Progressively analysis solves all the aspects of this situation. Once everything has become clear, it becomes necessary for the psycho-analyst to have some conversations first with Charles’s wife and then with his mother. Both women recognize the importance of getting him to make a practical attempt to break loose from the vicious circle in which he has enclosed himself. Charles gives up his uncongenial job, settles in the town to which he had gone in order to be analyzed, and the couple decide to suspend divorce proceedings. Charles starts work on his own sector of industrial mechanics.
After fourteen months’ treatment, the analysis is practically completed. Two years after having made a new start, Charles is already making more money in his new profession than he made as a clerk. There has been a great improvement in the couple’s mutual tolerance and understanding. Charles, in particular, no longer expects his wife to be a substitute for a protective mother. He now considers her realistically as an active partner in his interests as well as a pleasant companion for sexual experiences. Exactly two years and four months after the beginning of the psycho-analytical treatment, the couple’s newly found harmony is crowned by the birth of a child.
In conclusion, from the point of view of psychology and psycho-analysis, the main points referring to preparation for marriage are the following, listed briefly in the form of ten commandments:
I. The best road to marriage is the “high road” of love.
2. The choice of an object to be loved does not necessarily coincide with the choice of a mate.
3. These choices are largely influenced by unconscious orientations, which should be given due consideration and, in a number of cases, examined in time.
4. In addition to all the rest, preparation for marriage calls for a clear and sufficient knowledge of the problems of sexual life.
5. The psychological experiences of childhood are at least as important in this preparation as those of adolescence and youth,
6, Marriage implies not only the formal but also the substantial acceptance of the adult “psychological position”.

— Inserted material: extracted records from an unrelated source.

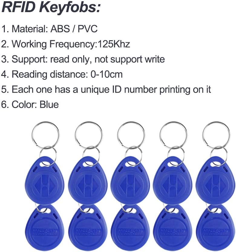 Image: A close-up view of the blue RFID keyfobs, detailing their material (ABS/PVC), working frequency (125KHz), read-only support, reading distance (0-10cm), unique ID printing, and color (Blue).
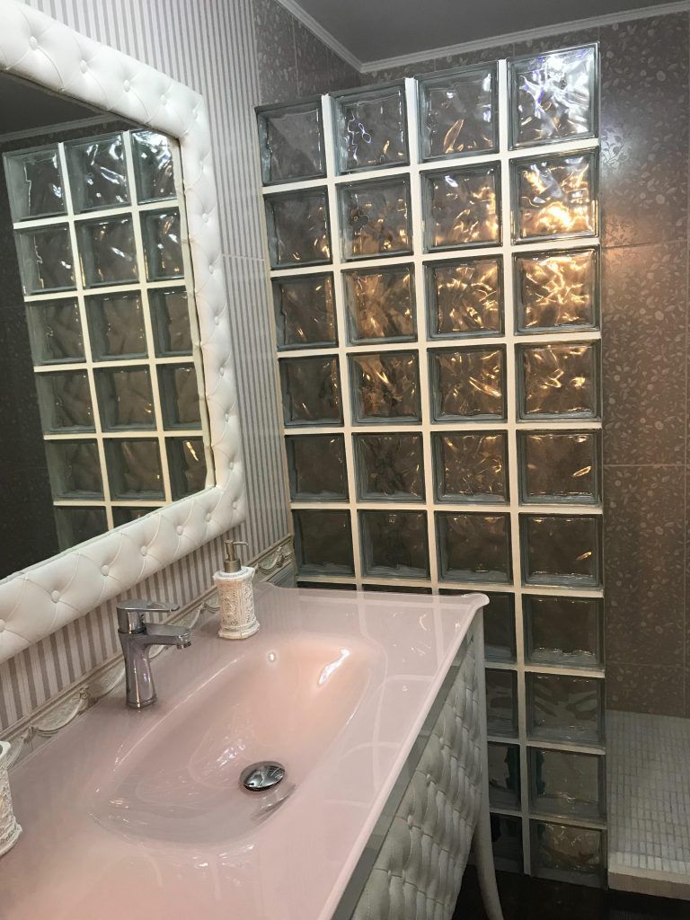 Peretele din sticla cu aspect cubic, cu rol de separare a zonei dusului, imparte camera in doua spatii diferite ca design, dar compatibile. Vorbim in acest caz de un pattern mural diferit, unde fara indoiala, punctul de atractie este reprezentat de oglinda generoasa incadrata cu o rama alba cu aspect de piele pozitionata pe un perete vintage si feminin. Mobilierul, lavoarul si restul accesoriilor vin in completarea imaginii retro, formand impreuna cu celelalte elemente componente, un spatiu romantic si extrem de elegant.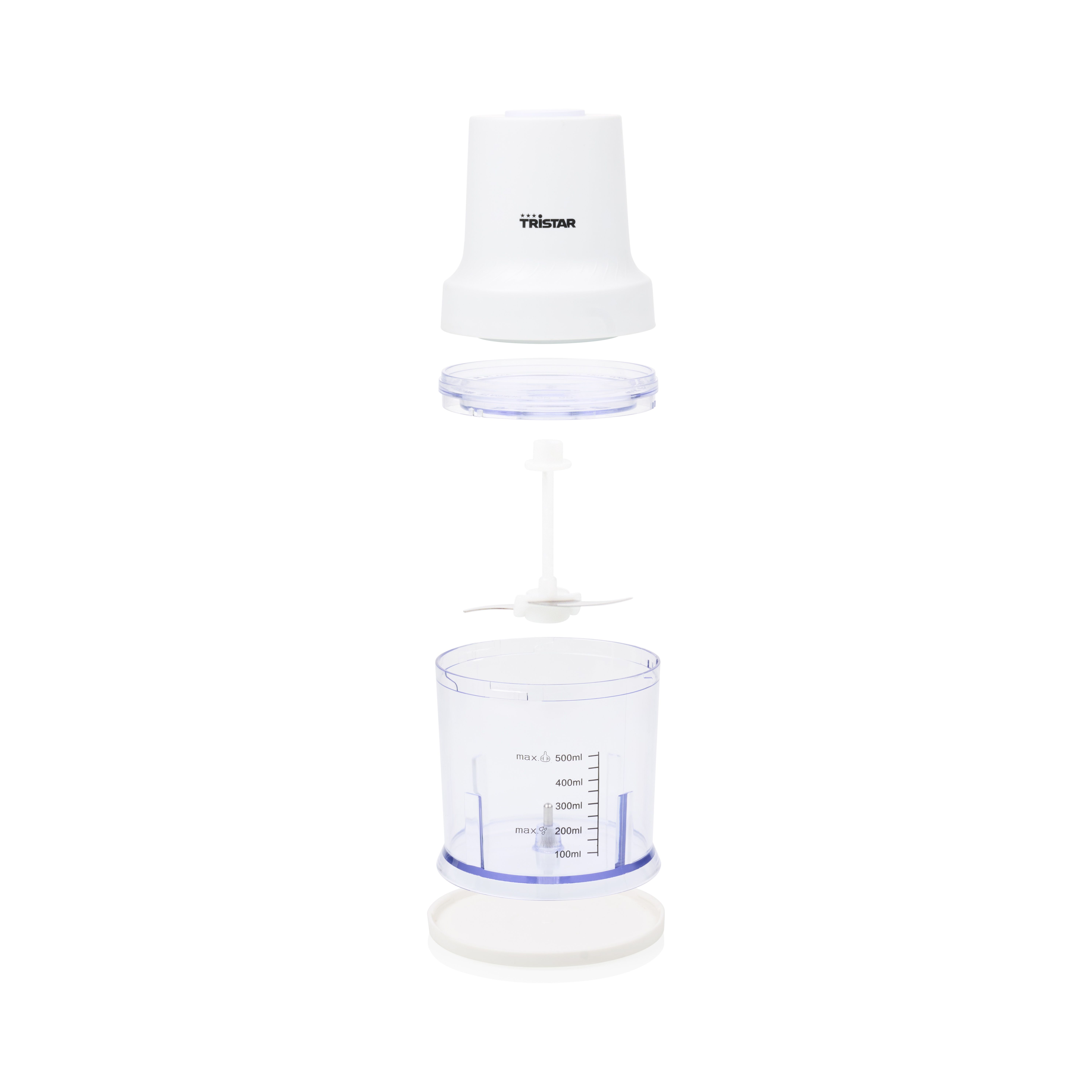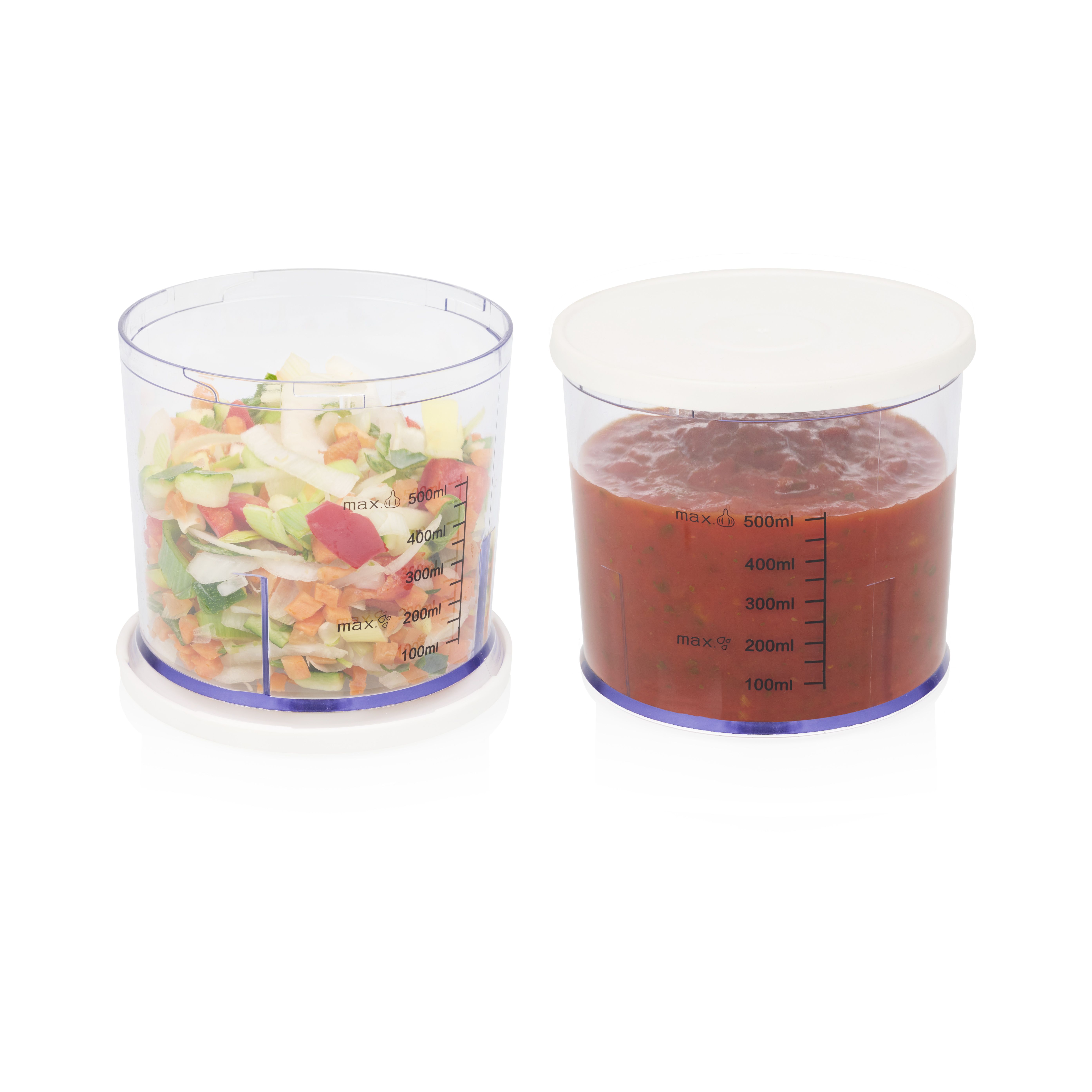 2 čepele z nerezové oceli: Ostré a odolné čepele garantují perfektní nasekání bez námahy.- Objem 0,5 l: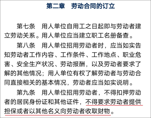 《中華人民共和國(guó)勞動(dòng)合同法》第九條規(guī)定,用人單位招用勞動(dòng)者,不得扣押勞動(dòng)者的居民身份證和其他證件,不得要求勞動(dòng)者提供擔(dān)?;蛘咭云渌x向勞動(dòng)者收取財(cái)物。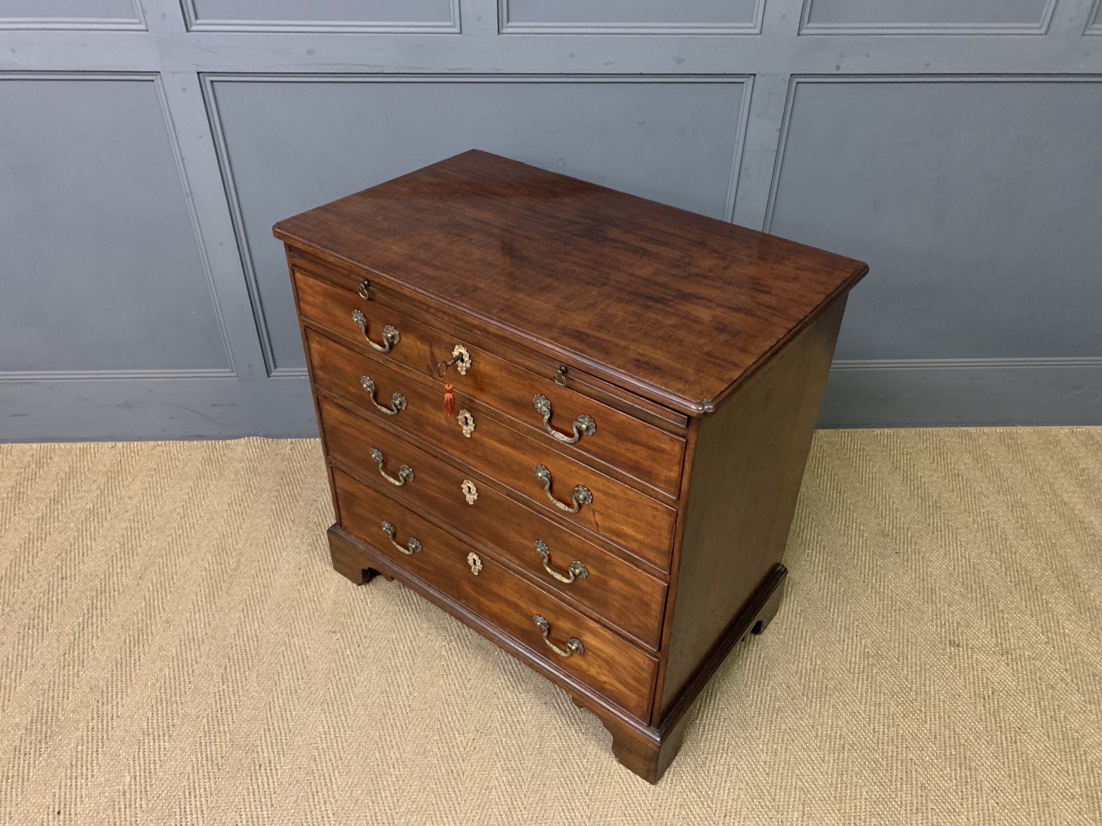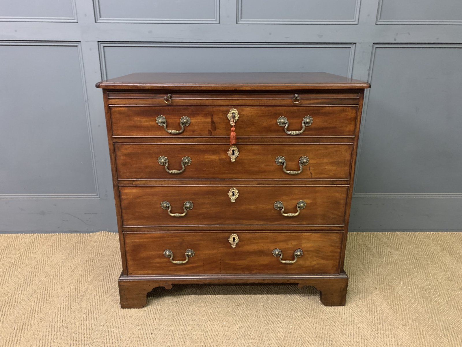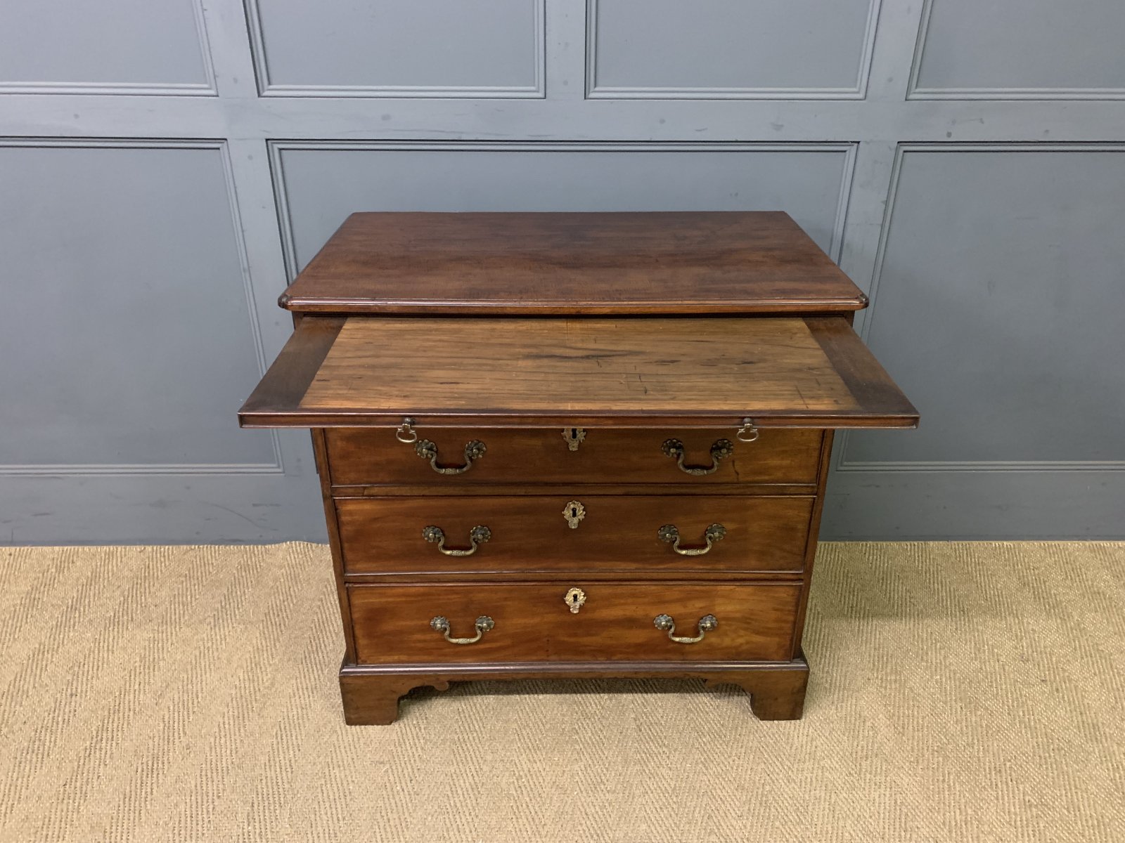 A splendid George III period mahogany bachelors chest of drawers. Of fine construction in beautifully figured mahogany. The top with shaped corners. Beneath is a brushing slide and 4 graduated drawers and all sitting on bracket feet. Original brass swan-neck handles and oak drawer linings. Original locks, working key suplied. Offered for sale in excellent condition with a great colour and patina.

7. The “internal images” of infancy and childhood may be “projected” on to the chosen mate in frequently unsatisfactory and pathological ways.
8. Some “repressions” connected with childhood situations must be overcome and solved if a marriage is to be really successful and offer the greatest psychological advantages.
9. The first “preparation for marriage” occurs under the decisive influence of parents and early educators.
10. It is therefore essential to pay the greatest attention to the proper organization of family life and educational environment, if we wish to obtain healthier and happier new generations through more successful marriages.